A change to the way Formula 1 regulations are revised is set to be introduced in an effort to better close off loopholes.
Formula 1 employs a complex structure when it comes to rule changes, with stringent criteria on how and when they can be changed.
Mid-season rule changes have historically needed unanimous agreement from the teams, meaning should one find a loophole to exploit it could vote against a change to close it.
According to F1's managing director Ross Brawn, that process will be simpler for 2021, allowing the sport to react more quickly if needed.
“The governance in the past has been the teams have to all agree to make a change,” Brawn explained.
“We're pushing through governance where we can make changes much more on short notice than at the present time.
“If you exploit a loophole in the future, you can be shut down at the next race, which you could never do now.”
Ironically, Brawn has first-hand experience in exploiting loopholes to his team's advantage, famously introducing the ‘double diffuser' in 2009, helping carry Jenson Button to the world championship driving for Brawn GP.
“So the Brawn diffuser – as it happens, there were three teams that had it, so it would have carried on,” Brawn said.

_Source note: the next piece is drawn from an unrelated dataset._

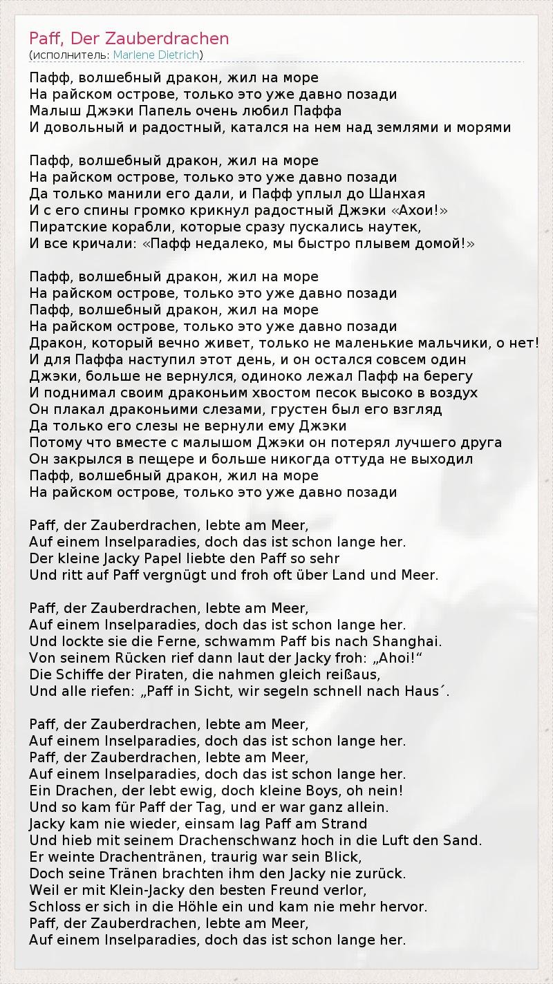 Пафф, волшебный дракон, жил на море На райском острове, только это уже давно позади Малыш Джэки Папель очень любил Паффа И довольный и радостный, катался на нем над землями и морями Пафф, волшебный дракон, жил на море На райском острове, только это уже давно позади Да только манили его дали, и Пафф уплыл до Шанхая И с его спины громко крикнул радостный Джэки «Ахои!» Пиратские корабли, которые сразу пускались наутек, И все кричали: «Пафф недалеко, мы быстро плывем домой!» Пафф, волшебный дракон, жил на море На райском острове, только это уже давно позади Пафф, волшебный дракон, жил на море На райском острове, только это уже давно позади Дракон, который вечно живет, только не маленькие мальчики, о нет! И для Паффа наступил этот день, и он остался совсем один Джэки, больше не вернулся, одиноко лежал Пафф на берегу И поднимал своим драконьим хвостом песок высоко в воздух Он плакал драконьими слезами, грустен был его взгляд Да только его слезы не вернули ему Джэки Потому что вместе с малышом Джэки он потерял лучшего друга Он закрылся в пещере и больше никогда оттуда не выходил Пафф, волшебный дракон, жил на море На райском острове, только это уже давно позади Paff, der Zauberdrachen, lebte am Meer, Auf einem Inselparadies, doch das ist schon lange her. Der kleine Jacky Papel liebte den Paff so sehr Und ritt auf Paff vergnügt und froh oft über Land und Meer. Paff, der Zauberdrachen, lebte am Meer, Auf einem Inselparadies, doch das ist schon lange her. Und lockte sie die Ferne, schwamm Paff bis nach Shanghai. Von seinem Rücken rief dann laut der Jacky froh: „Ahoi!“ Die Schiffe der Piraten, die nahmen gleich reißaus, Und alle riefen: „Paff in Sicht, wir segeln schnell nach Haus´. Paff, der Zauberdrachen, lebte am Meer, Auf einem Inselparadies, doch das ist schon lange her. Paff, der Zauberdrachen, lebte am Meer, Auf einem Inselparadies, doch das ist schon lange her. Ein Drachen, der lebt ewig, doch kleine Boys, oh nein! Und so kam für Paff der Tag, und er war ganz allein. Jacky kam nie wieder, einsam lag Paff am Strand Und hieb mit seinem Drachenschwanz hoch in die Luft den Sand. Er weinte Drachentränen, traurig war sein Blick, Doch seine Tränen brachten ihm den Jacky nie zurück. Weil er mit Klein-Jacky den besten Freund verlor, Schloss er sich in die Höhle ein und kam nie mehr hervor. Paff, der Zauberdrachen, lebte am Meer, Auf einem Inselparadies, doch das ist schon lange her.
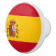 This design features the flag of Spain (known in Spanish as "España"), officially known as the Kingdom of Spain (in Spanish, "Reino de España"), which is a country in Southwestern Europe with some pockets of territory across the Strait of Gibraltar and the Atlantic Ocean. Its continental European territory is situated on the Iberian Peninsula. Moreover, the African enclaves of Ceuta, Melilla and Peñón de Vélez de la Gomera make Spain the only European country to have a physical border with an African country, in this case Morocco. The country's mainland is bordered to the south and east by the Mediterranean Sea except for a small land boundary with Gibraltar; to the north and northeast by France, Andorra, and the Bay of Biscay; and to the west and northwest by Portugal and the Atlantic Ocean respectively. The capital and largest city of Spain is Madrid. Other major cities and towns in Spain include Barcelona, Valencia, Seville (Sevilla), Zaragoza, Málaga, Murcia, Palma, Las Palmas, Bilbao, Alicante, Córdoba, Valladolid, Vigo, Gijón (Xixón), L'Hospitalet de Llobregat, Vitoria-Gasteiz, A Coruña, Elche and Granada.

“But if one team stands out there with a solution that has never been conceived, and has never been imagined, and destroys the whole principle of what is trying to be done, the governance would allow, with sufficient support from the other teams, to stop it. This is a whole different philosophy.

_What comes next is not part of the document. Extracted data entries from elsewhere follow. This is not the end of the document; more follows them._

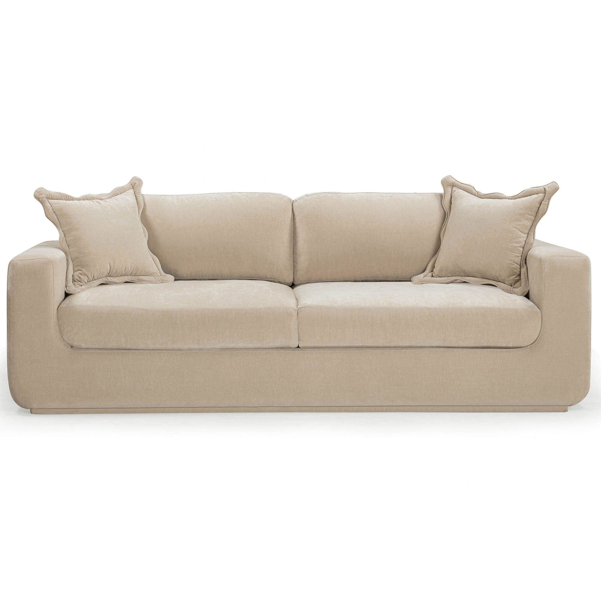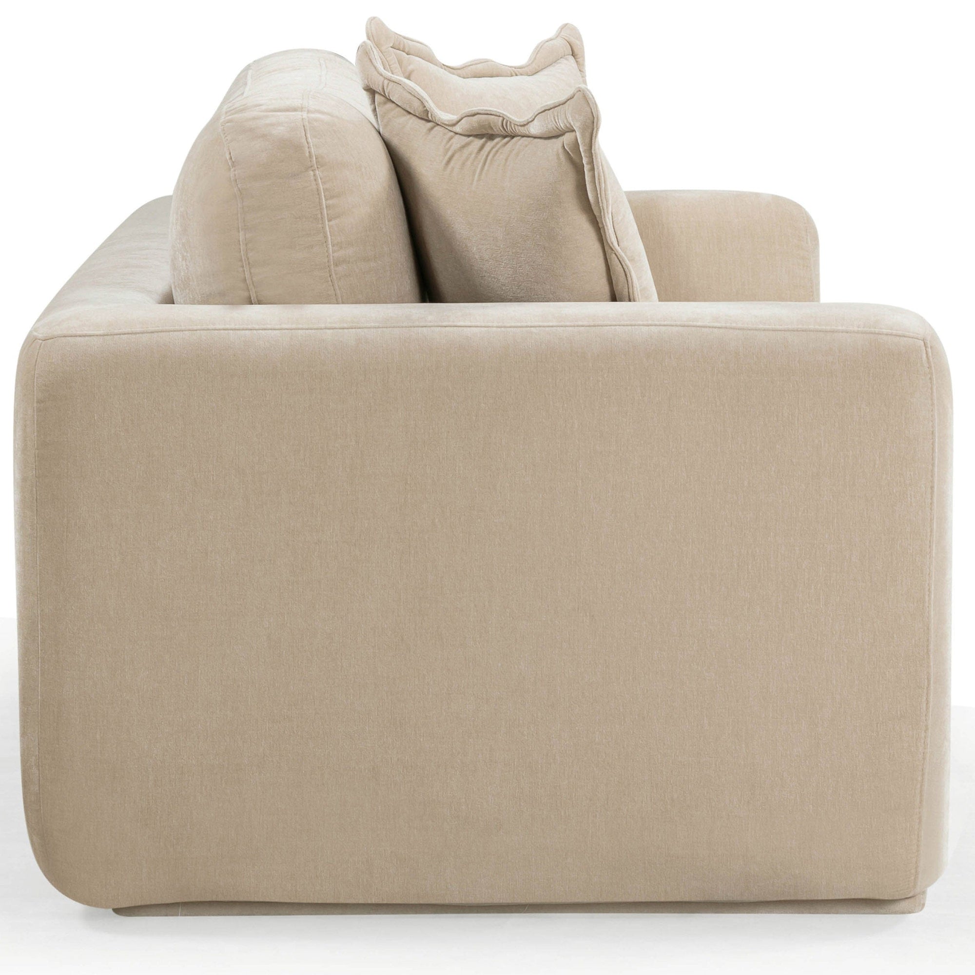 The Miri Sofa combines bold design with supreme comfort. Upholstered in high-durability velvet made from 50% recycled fibers, it features deep seating and plush scalloped pillows for a cozy, stylish experience. Skillfully handmade, this sofa is a standout piece that adds both sustainable luxury and modern elegance to any living space.
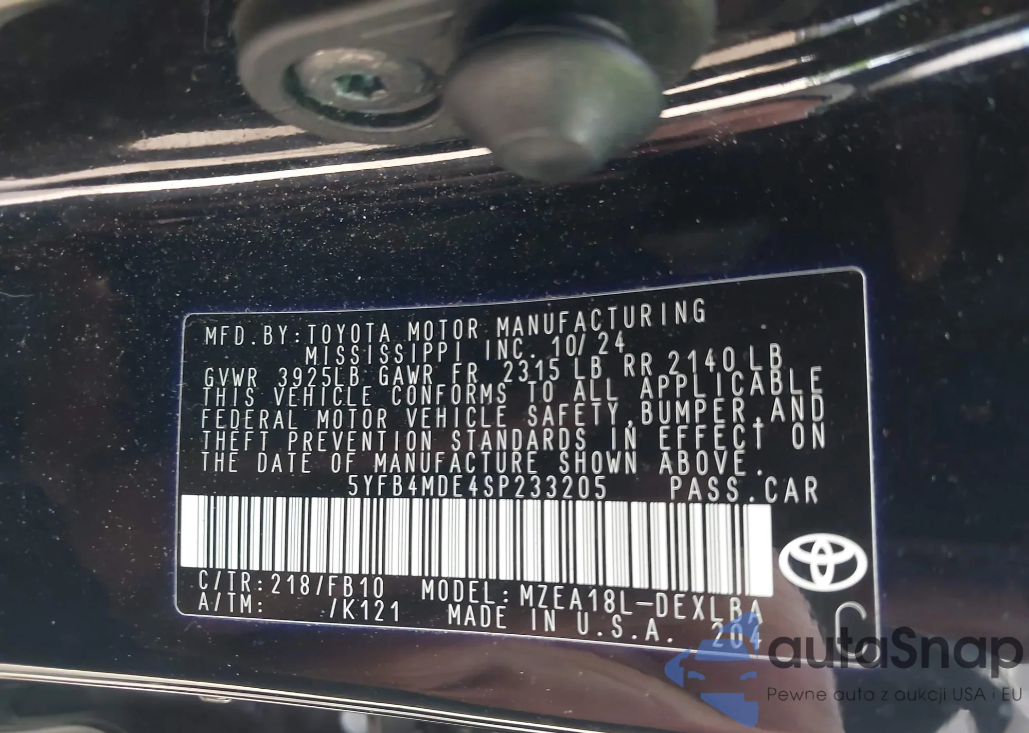 • VIN 5YFB4MDE4SP233205
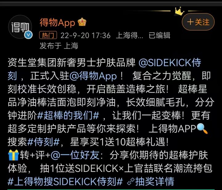【亿邦原创】日前,有媒体报道称,资生堂旗下男士护肤品牌SIDEKICK侍刻退出中国市场。目前,在淘宝App已无法搜索到SIDEKICK官方店铺,在小红书已无法搜索到官方账号;官方微博、微信公众号尚未注销,但均在2024年3月后便再未更新,B站官号则于2023年8月后便再未更新。

“Then what happens is someone who has a loophole thinks, ‘Do I want to use it or do I want to tell the FIA about it as it wasn't intended?'.
“You've found a loophole in the regulations and you turn up at the first race and the FIA say, ‘Sorry chap, that wasn't intended, we're going to hold a meeting now and if everyone agrees, apart from you, we'll stop it'.”

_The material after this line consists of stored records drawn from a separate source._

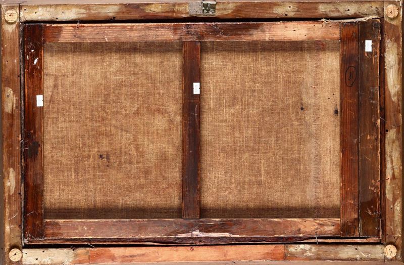 Scuola italiana del XIX secolo Scena con ristoro campestre di soldati in divisa rossa e cavalli
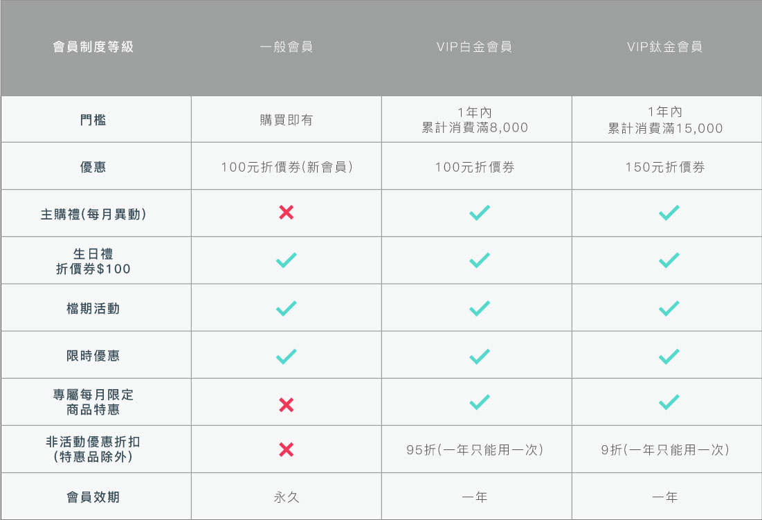 加入成為一般會員即享有NT$100購物金,有效期限60天。
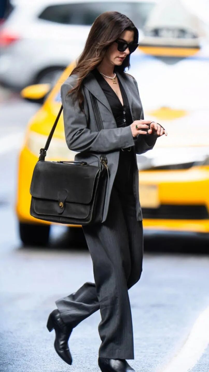 另外一套剪裁利落的灰色西装,内搭简约黑色上衣,利落又显气场。搭配Barton Perreira方框墨镜增添气场,Jemma Wynne项链则用来点缀精致感,每一处细节都在诉说着专业与格调。
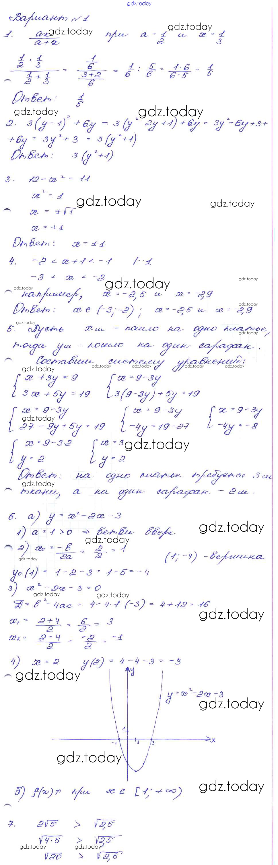 Ответы к Работа 9 Решение к части 1 Вариант-1 Сборнику заданий по Алгебре для 9 класса Кузнецова, Бунимович Дрофа 2008
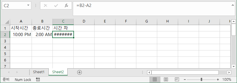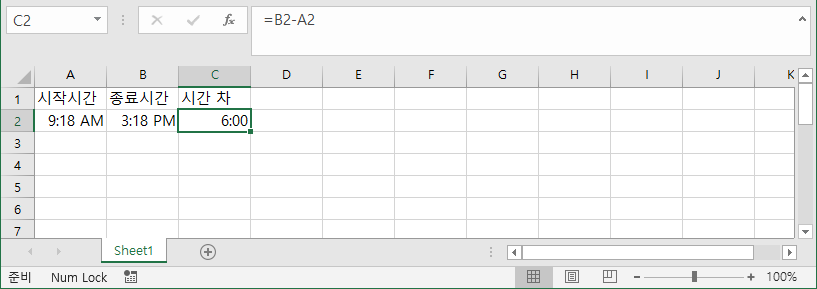 같은 날 두 시간의 차이를 계산하는 간단한 공식부터 시작하겠습니다.
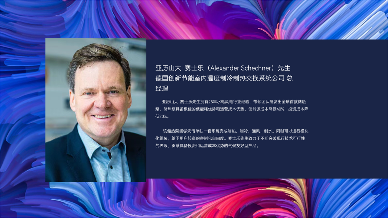 德国创新节能室内温度制冷制热交换系统公司恩沃拉总经理亚历山大·赛士乐先生分享了极具能效和成本优势的储热泵系统,该系统是全球首款储热泵,一套系统即可完成制冷、制热、通风、水体加热等功能。从数据方面看,该产品具有成本及能效优势,二氧化碳排放量上也是同类产品中最小的,能够为各类建筑、储能方案提供极高的使用价值。
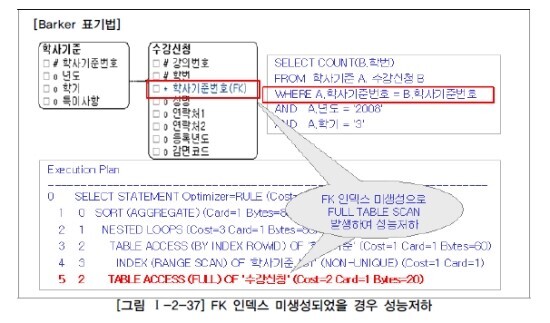 -> 비록 물리적으로 학사기준과 수강신청이 연결되어 있지 않다고 하더라도 학사기준으로부터 상속받은 FK에 대해 FK 인덱스를 생성함으로써 SQL문장이 조인이 발생할 때 성능저하를 예방할 수 있다.
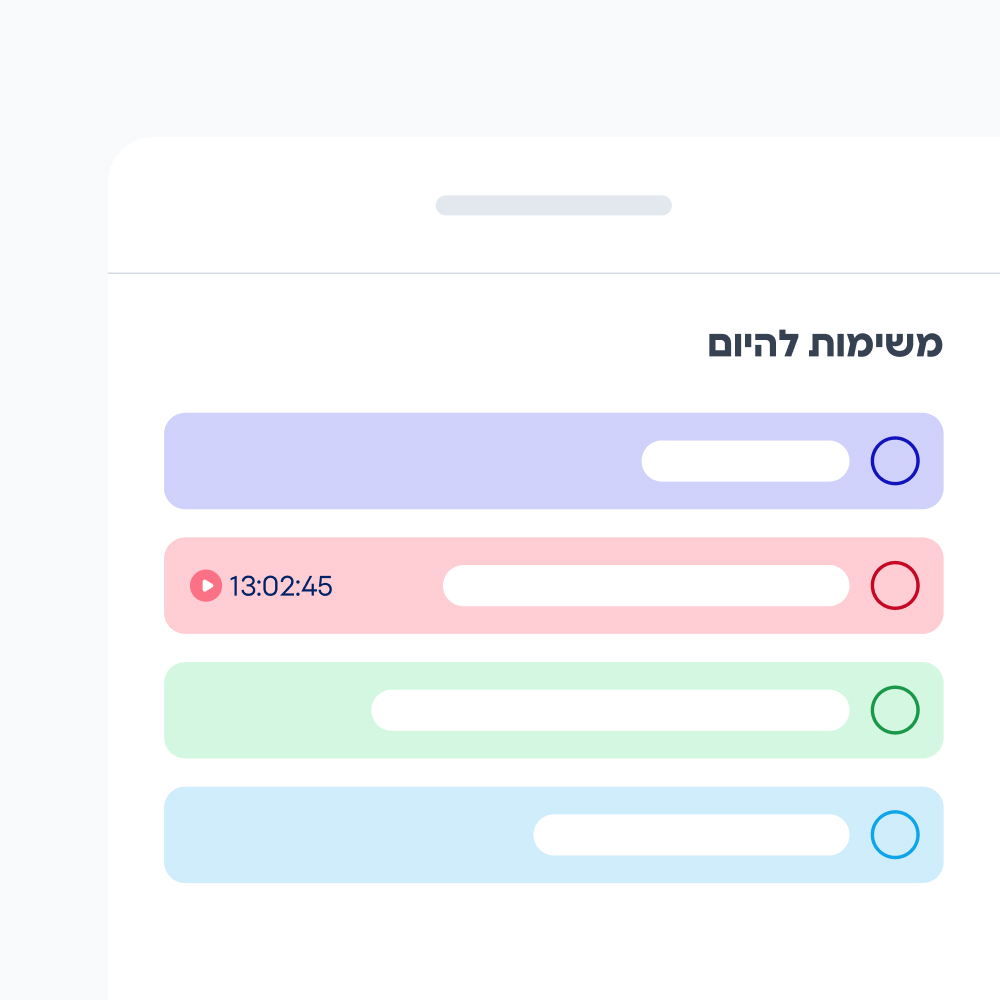 הטיימר המובנה במערכת מתעד את זמן העבודה בפועל, והמערכת מחשבת רווחיות, התקדמות ועומסים בזמן אמת.

The intent, Brawn suggests, is not to prevent original thinking from designers, but to focus that innovation on concepts within the intent of the regulations.
“If someone comes up with something that was a play on the words, or some interpretation that was never intended, it completely corrupts the principle,” Brawn suggested.
“What is the choice? Either live with it for a year, and have something which is not a great competition, or we change it, put it right and get the competition back to where it is.
“Would you take that risk of going into the championship with an interpretation that was risky if you knew it could be stopped?
“Therefore, the evolution and the way those things will develop will be different. The philosophy would be different.
“What we don't want – and I say this with some hypocrisy – is that we don't want a championship being won because of the loophole,” he added.
“We want people with an understood set of regulations that will be the best at what they do.
“I think they have to rely on us and the FIA, that we're not going to penalise someone who has a great idea.
“That is subjective, but is a great idea the fact that someone put a comma in the wrong place in the regulations which means a lawyer can interpret it in a diverse way? I don't think it is.”